This hot hot hot July weather has insisted a slowing down of the pace of the past busy months. Leaps of Faith require rejuvenation! And I have found it with some dear old friends – namely Emerson, Whitman and, today’s favourite, Thoreau. Truly, there is something quite meaningful about sitting in the cool shade of a tree, pondering ‘what the heck does it all mean’ and reading this excerpt, almost as if for the first time:
I went to the woods because I wished to live deliberately, to front only the essential facts of life, and see if I could not learn what it had to teach, and not, when I came to die, discover that I had not lived. I did not wish to live what was not life, living is so dear; nor did I wish to practise resignation, unless it was quite necessary. I wanted to live deep and suck out all the marrow of life, to live so sturdily and Spartan-like as to put to rout all that was not life, to cut a broad swath and shave close, to drive life into a corner, and reduce it to its lowest terms, and, if it proved to be mean, why then to get the whole and genuine meanness of it, and publish its meanness to the world; or if it were sublime, to know it by experience, and be able to give a true account of it in my next excursion.

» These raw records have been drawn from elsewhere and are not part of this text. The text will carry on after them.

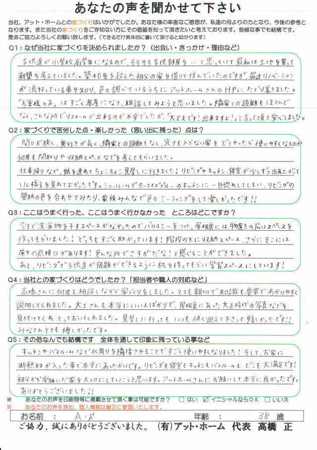 子供達が小学校高学年になるので、そろそろ子供部屋を…と思っていて最初は土地を買って新築を考えていました。築40年を超えた祖父の家を借りて住んでいたのですが、最近リノベーションが流行っている事を知り、色々調べているうちにアット・ホームさんのHPにたどり着きました。「お客様の声」はすごく参考になり、相談してみようと思いました。隣家との距離もほとんどなく、こんな所でリフォームが出来るのか不安でしたが「大丈夫です!出来ますよ!」と言って頂き安心しました。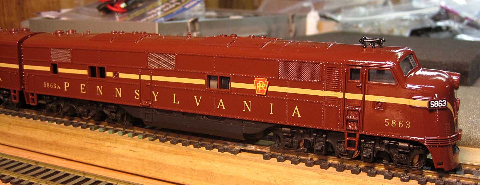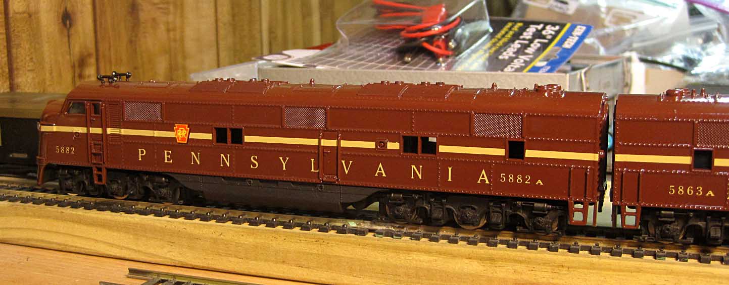 This LOTW is for raysouthernpac. Ray, you sent me a bag of Model Power PRR E7 parts a while back and I wanted you to see that I finally did something with them. Amazingly, a complete powered unit was in there, plus a dummy. I kept them PRR but since the shells were a little rough, repainted and decaled in the gold stripe scheme. Thanks again!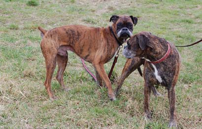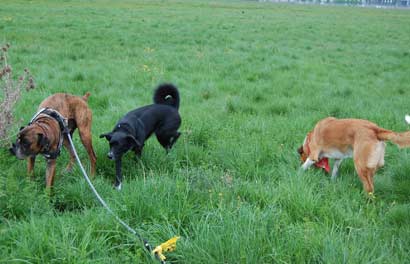 | Bayles mag zwar ein älterer Herr sein, seine Lebensfreude hat er aber nicht verloren. Als wir heute mit ihm einer Hündin und einem weiteren Rüden zusammen spazieren gingen, lief er sehr fröhlich und zügig mit. Bei der Spielaufforderungen von der Hündin reagierte Bayles ein bisschen schüchtern ;-)), aber nicht uninteressiert. Die Beiden verstanden sich ausgezeichnet! Auch mit dem anderen Rüden, der wie er unkastriert war, hatte der liebe Bayles keine Probleme. Beide begrüßten sich freundlich und gingen dann jeder ihrer Wege. Da gab es auch kein Gerangel wegen der jungen Hündin. Baylee war ein ganz lieber Begleiter, sowohl für Hund, als auch für Mensch! |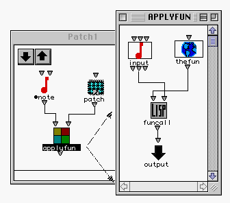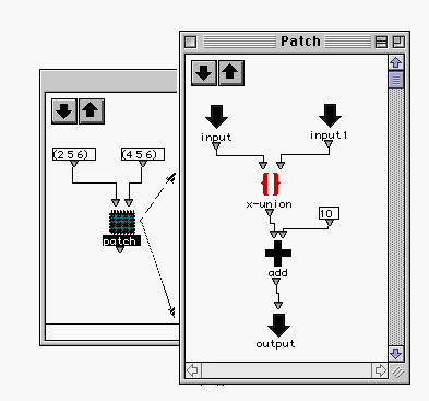 On y retrouve donc la notion de patch, un cadre représentant graphiquement l'organisation des différentes fonctionnalités définissant une opération. Un patch peut à son tour être plongé dans un autre patch : il prend alors deux interprétations possibles, soit sous forme d'opérateur, devenant alors une des fonctionnalités qui définissent une opération d'ordre supérieur, soit sous forme de donnée, devenant un argument fonctionnel à un autre patch, et rendant paramétrable la nature même d'un calcul. Cependant, cette notion a été élargie à un type de patch particulier : les maquettes. Elles sont l'expression d'un patch ordinaire, dans lequel la position en abscisse des objets prend une valeur temporelle. Ces maquettes offrent un intérêt tout particulier aux applications dans le domaine musical.

This is the point, isn’t it? This is what keeps us searching, looking, testing, trying, because to leave it un-turned or untried, means that we didn’t rout all that was not life. Digging deep to find the truth, the core, ‘its’ and therefore, ‘our’ reason for living. The idea of ‘sucking out all the marrow of life’ resonates with me – I’m the kind of girl that gnaws on the bone of a particularly delicious steak or pork chop, to be sure to get every last bit of yummyness. Don’t be offended, I do the same with a salad. I love my salad. See what I mean? It’s all delicious!
From these marrow-sucking experiences we learn what we like, what we don’t, where we succeed best and what makes us the happiest. We learn to live sturdily, and Spartan-like as Thoreau states. This resonates with my love of beautiful things – both in nature and man-made, like art in all its forms. I no longer have a lot of ‘stuff’ but what I do have seems excessive in its abundance because of its meaningfulness to me! ‘Less is truly more’ if there is meaning in the ‘less’.
Hot summer days spent in the shade of a tree or with my feet in the cooling edge of the beach seem like the most sublime way to enjoy the marrow. Especially when shared with a sturdy stalwart friend. Thanks Thoreau for once again being there. You’re the best!